What to do: Set down, word for word, each line from the top of the data through the line that has "様々な柄を組み合わせたミック"; omit every picture.

Provided material:
▼
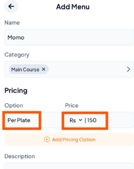 After entering your item's name and category, scroll down to the "Pricing" section on the "Add Menu" screen. You will see a table with columns for "Option" and "Price".
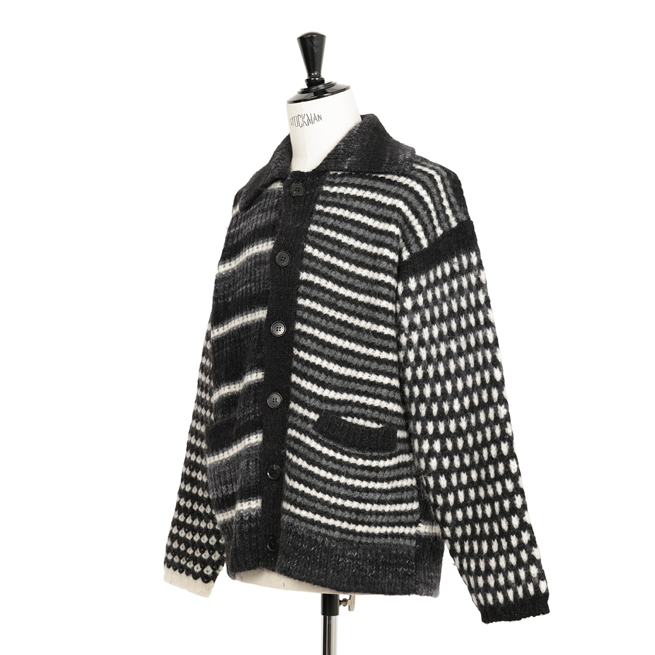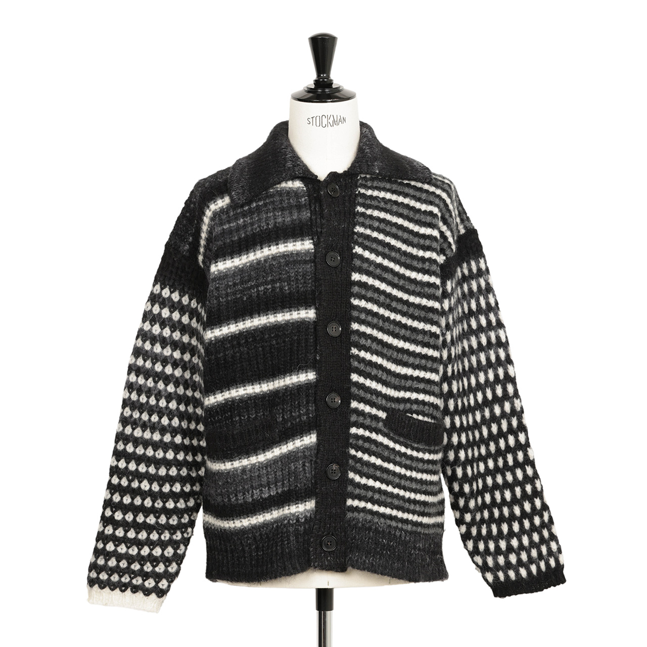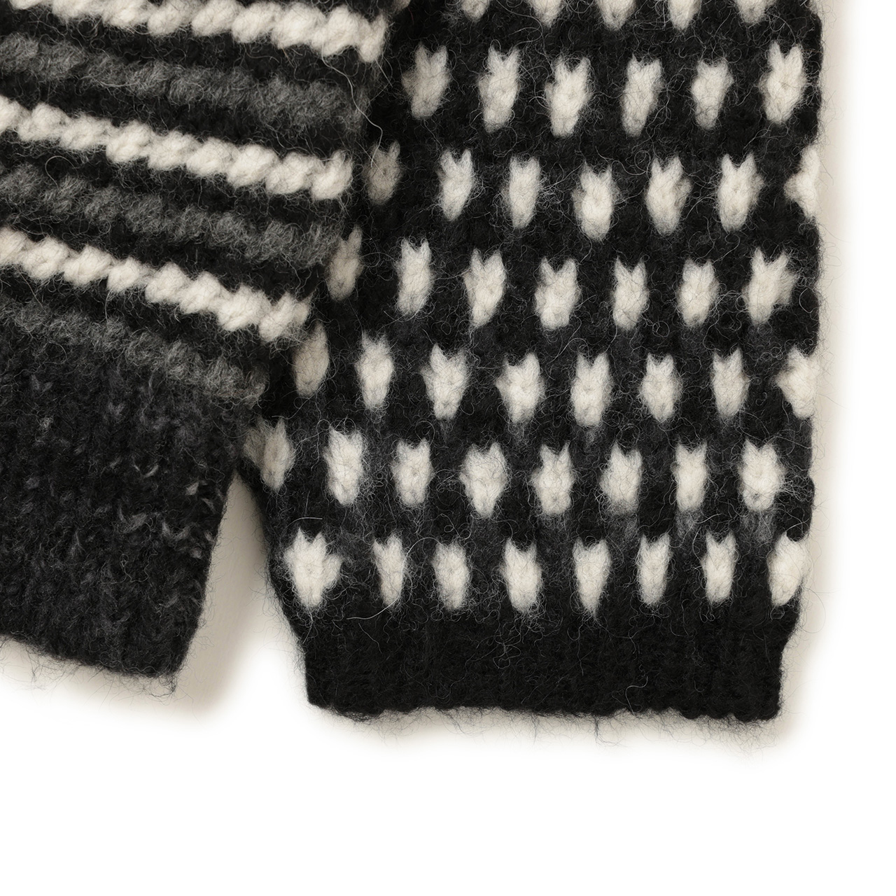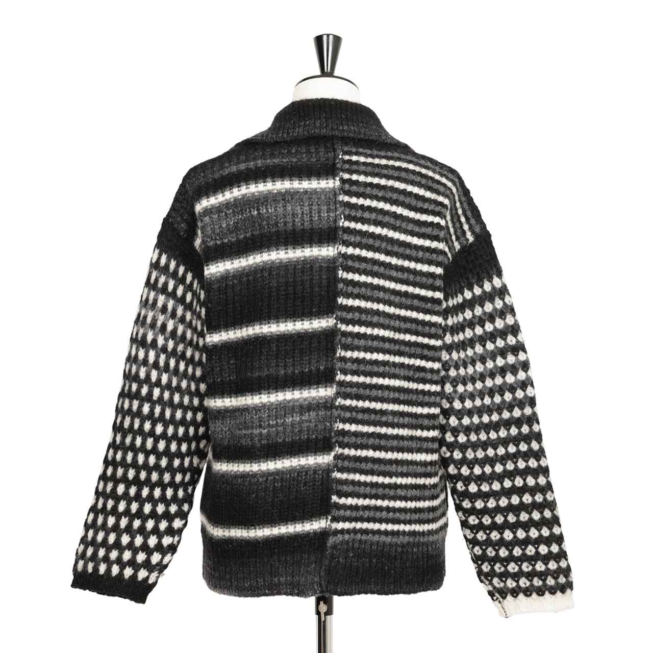 様々な柄を組み合わせたミックスステッチとマルチカラーのストライプを組み合わせたデザイン。ブラック、グレー、ホワイトのモノトーンカラーで構成している分、そこまで強く柄が出ない分、スタイリングに取り入れやすい一着となっております。
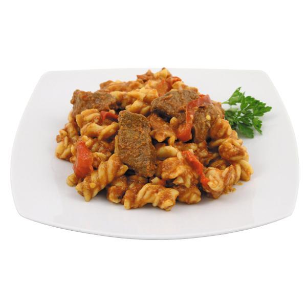 Состав: 75% гуляш (50% говядина), лук, перец, помидоры, томатная паста, молоко, сметана, перец, сахар, соль, приправа, 25% макароны (пшеничная мука, яйца, крупа).
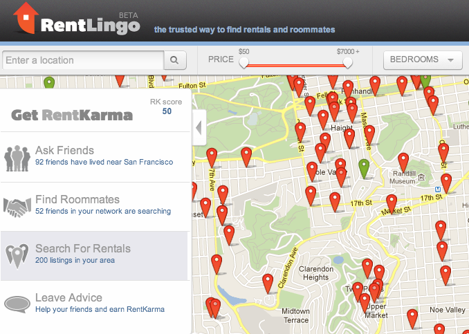 So RentLingo decided to use social networking to make the rental process less of a pain in the ass and help landlords find great tenants and renters find the best apartments. To do that, the startup aggregates info from the major listings players and uses Facebook’s Open Graph to give users social context as they search for apartments. It presents this all via a dynamic map UI, giving listings more of a localized feel and allowing you to see what friends have lived in a particular area and reach out to them (within the app) to ask questions.
▲
Output for this exercise:
 After entering your item's name and category, scroll down to the "Pricing" section on the "Add Menu" screen. You will see a table with columns for "Option" and "Price".
 様々な柄を組み合わせたミックスステッチとマルチカラーのストライプを組み合わせたデザイン。ブラック、グレー、ホワイトのモノトーンカラーで構成している分、そこまで強く柄が出ない分、スタイリングに取り入れやすい一着となっております。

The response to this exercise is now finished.